I respect two former prime minsters of India — Shri PV Narasimha Rao and Shri AB Vajpayee. If only they had had the mandate to make those fundamental changes that they wanted to make. Both, unfortunately, did not have the necessary popular support in the parliament. And equally unfortunately, those prime ministers who did have massive parliamentary support did not have the vision to put India on a path to prosperity. Indians collectively suffer very bad karma.
But I am thankful for small mercies. Today I learned that Shri Vajpayee supported the right to self defense and wanted Indians to have the right to bear arms. (Hat tip: Akshar Prabhu Desai.)
The Nehru government passed the Arms Act of 1959, which imposed more stringent gun control laws than the British had during their raj. Vajpayee was the only one who stood up against Nehru and dissented. Nehru, like his mentor Gandhi, was a tool of the British.
Here’s what Vajpayee said in his dissent, on Aug 8th, 1959. (That’s just a few days over 59 years ago!):
“The present Bill seeks to repeal the Indian Arms Act enacted by the British rulers eighty years ago with a view to disarm the whole nation.
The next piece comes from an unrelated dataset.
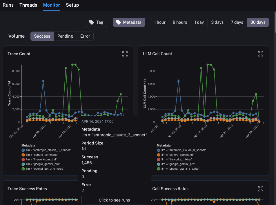 您也可以使用此选项卡执行 A/B 测试版本。在之前的教程中,我们开始跟踪一些不同的元数据属性 - 其中一个是 llm。我们可以按任何元数据属性对监控图表进行分组,并立即获得按时间分组的图表。这允许我们试验不同的 LLM(或提示,或其他)并跟踪它们随时间的性能。

Apart from the consideration of safeguarding the Empire, this policy of depriving the whole people of arms was motivated in the main by a sense of deep distrust and an attitude of contempt towards the Indian people. I am sorry to note that even after twelve years of independence, the present Government have not been able to shake off completely the legacy of their predecessors. The present Bill as by the Joint Committee is an improvement on the original Bill no doubt, but traces of this distrust linger still, and restrain the Bill from going as far as it should. Hence this note of dissent.
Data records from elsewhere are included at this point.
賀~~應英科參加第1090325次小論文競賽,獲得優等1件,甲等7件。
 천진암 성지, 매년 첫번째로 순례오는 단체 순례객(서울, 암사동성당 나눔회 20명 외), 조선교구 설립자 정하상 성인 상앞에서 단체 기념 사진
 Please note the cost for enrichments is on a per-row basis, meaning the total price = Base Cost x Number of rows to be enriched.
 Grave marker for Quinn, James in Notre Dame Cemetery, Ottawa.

“The right to bear and carry arms is an inviolable and sacred right of every free citizen and though this has not been included in the list of fundamental rights enumerated in the Indian Constitution, the right of self defence accepted and guaranteed by the Indian Penal Code implicitly acknowledges the right to possess arms. Since India is not in a position to run into a race of armaments with big powers, or their satellites, surrounding our boundaries and having hostile and expansionist designs against us, the only course open for us is to arm our people and make military training compulsory for all adults and able-bodied citizens….
“….The present Bill seeks to liberalise the licensing provisions, but the liberalisation is very halting, the procedure of securing a license still remains irksome and dilatory and the license-seeker left to the whims and caprice of the bureaucracy….”
Let’s stress this bit. Vajpayee said, “… by a sense of deep distrust and an attitude of contempt towards the Indian people.” That sums up Nehru’s attitude precisely. That Nehruvian legacy continues even today.
The day Indians get themselves the equivalent of the 2nd Amendment of the US Constitution, that will be the day that they will take a step toward being free. Will they? I have my doubts.
Shri Vajpayee was a good man. May his spirit live on. Om Shanti.
Note: The US Second Amendment, part of the Bill of Rights which was adopted in December 1791, reads:
A well regulated Militia, being necessary to the security of a free State, the right of the people to keep and bear Arms, shall not be infringed.